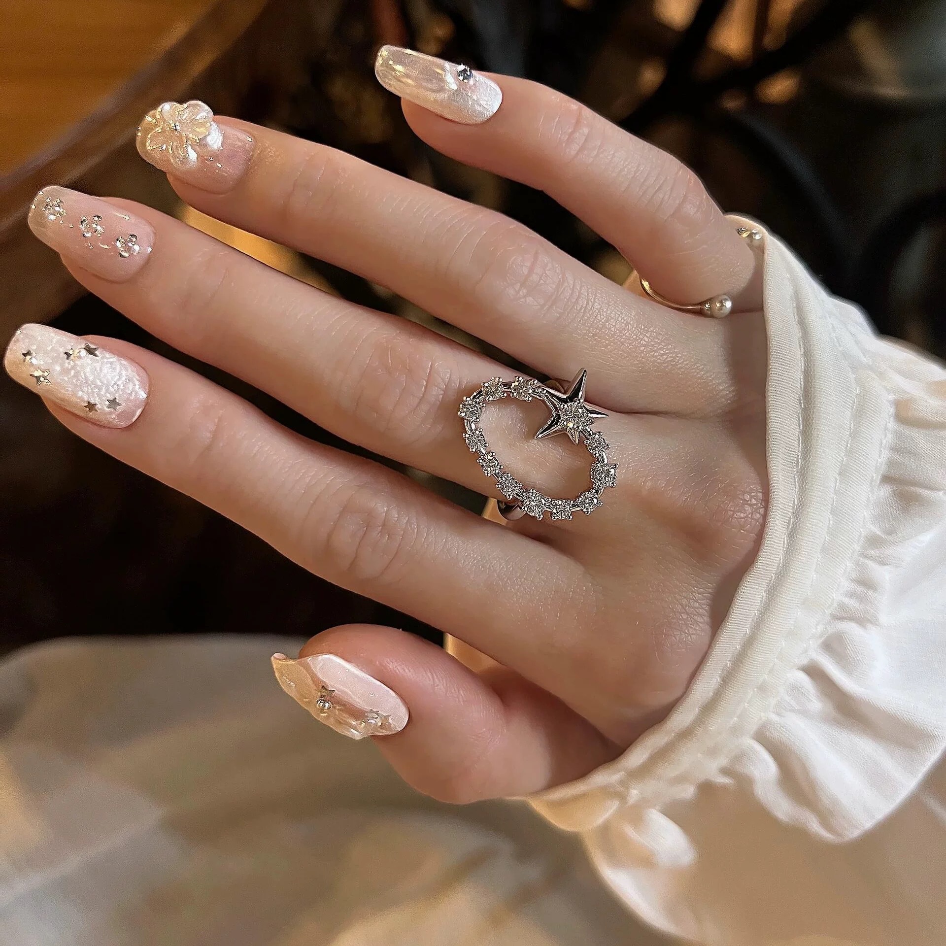 Diamond-Encrusted Accessible Luxury Oval Star Ring for Women Unique and Exquisite Niche Design Ring Index Finger Ring 2025 New Style
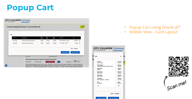 The cart itself is built with Oracle JET, providing:
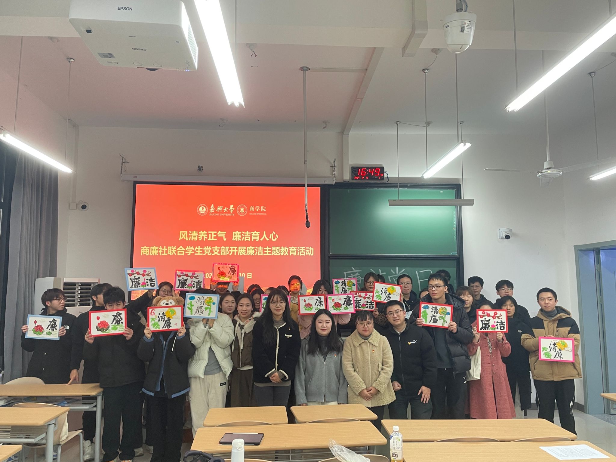 12月10日下午太阳成集团tyc122cc商廉社携手会计硕士研究生党支部、会计专业学生一党支部和会计专业学生二党支部,在尚德楼143举办了“风清养正气 廉洁育人心”为主题的廉洁教育专题活动。本次活动吸引了80余名师生热情参与。活动旨在借助多元化的文化展现与实践操作,加强社团成员及支部党员的廉洁自律意识,进一步推动党风廉政建设与廉洁文化的深度融合。
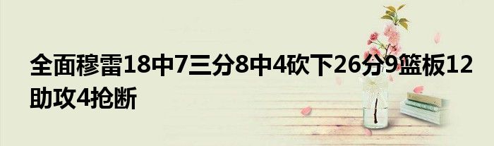 本場比賽,馬刺球星穆雷發揮出色,他出場36分鐘,投籃18中7,三分8中4,罰球8中8,砍下26分9籃板12助攻4搶斷,出現3次失誤,正負值+19全場最高。
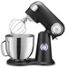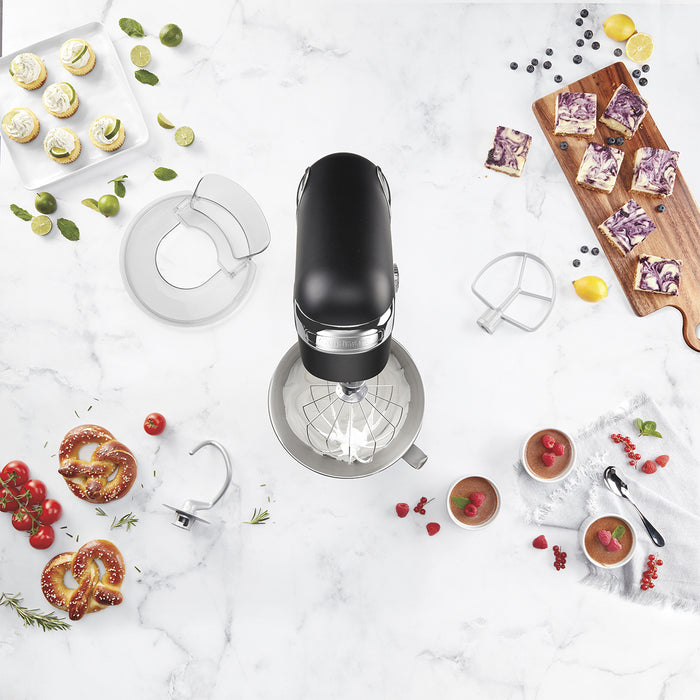 Includes chefs whisk, dough hook, flat mixing paddle, and splash guard with pour spout
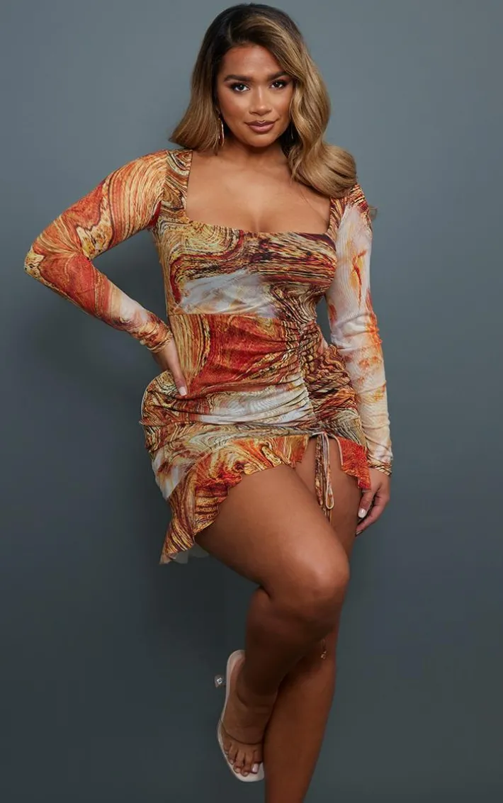 Get ready to have heads turning for all the right reasons with this shape orange swirl print mesh long sleeve ruched side frill hem bodycon dress. It is the perfect piece for bringing all the fierce vibes to your weekend wardrobe. This shape bodycon dress features an orange swirl print mesh material with a ruched side design, long sleeves and a frill hem detail, you’re sure to be in love. Simply pair this dreamy dress with clear heels and gold accessories for a flawless finish.
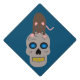 This awesome graduation cap topper features a creepy grey skull with glowing blue eyes and rotting yellow teeth. On top of the skull is a brown rat with pink ears, tail, paws and nose and blue eyes, The rat has an arched back ready to leap out at you. A great design for rat lovers and for Halloween.
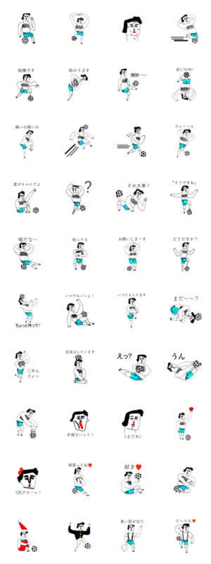 サッカーやフットサルなどが好きな人にオススメのスタンプです。ボブさんは日本代表を応援しています。油山 より発売
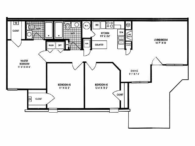 2 Bed x 2 Bath - Floorplan 3 3 Bedrooms

• EXERCISE PROMPT
Skipping the images, write out the whole listing exactly.

• EXERCISE OUTPUT
 Diamond-Encrusted Accessible Luxury Oval Star Ring for Women Unique and Exquisite Niche Design Ring Index Finger Ring 2025 New Style
 The cart itself is built with Oracle JET, providing:
 12月10日下午太阳成集团tyc122cc商廉社携手会计硕士研究生党支部、会计专业学生一党支部和会计专业学生二党支部,在尚德楼143举办了“风清养正气 廉洁育人心”为主题的廉洁教育专题活动。本次活动吸引了80余名师生热情参与。活动旨在借助多元化的文化展现与实践操作,加强社团成员及支部党员的廉洁自律意识,进一步推动党风廉政建设与廉洁文化的深度融合。
 本場比賽,馬刺球星穆雷發揮出色,他出場36分鐘,投籃18中7,三分8中4,罰球8中8,砍下26分9籃板12助攻4搶斷,出現3次失誤,正負值+19全場最高。
 Includes chefs whisk, dough hook, flat mixing paddle, and splash guard with pour spout
 Get ready to have heads turning for all the right reasons with this shape orange swirl print mesh long sleeve ruched side frill hem bodycon dress. It is the perfect piece for bringing all the fierce vibes to your weekend wardrobe. This shape bodycon dress features an orange swirl print mesh material with a ruched side design, long sleeves and a frill hem detail, you’re sure to be in love. Simply pair this dreamy dress with clear heels and gold accessories for a flawless finish.
 This awesome graduation cap topper features a creepy grey skull with glowing blue eyes and rotting yellow teeth. On top of the skull is a brown rat with pink ears, tail, paws and nose and blue eyes, The rat has an arched back ready to leap out at you. A great design for rat lovers and for Halloween.
 サッカーやフットサルなどが好きな人にオススメのスタンプです。ボブさんは日本代表を応援しています。油山 より発売
 2 Bed x 2 Bath - Floorplan 3 3 Bedrooms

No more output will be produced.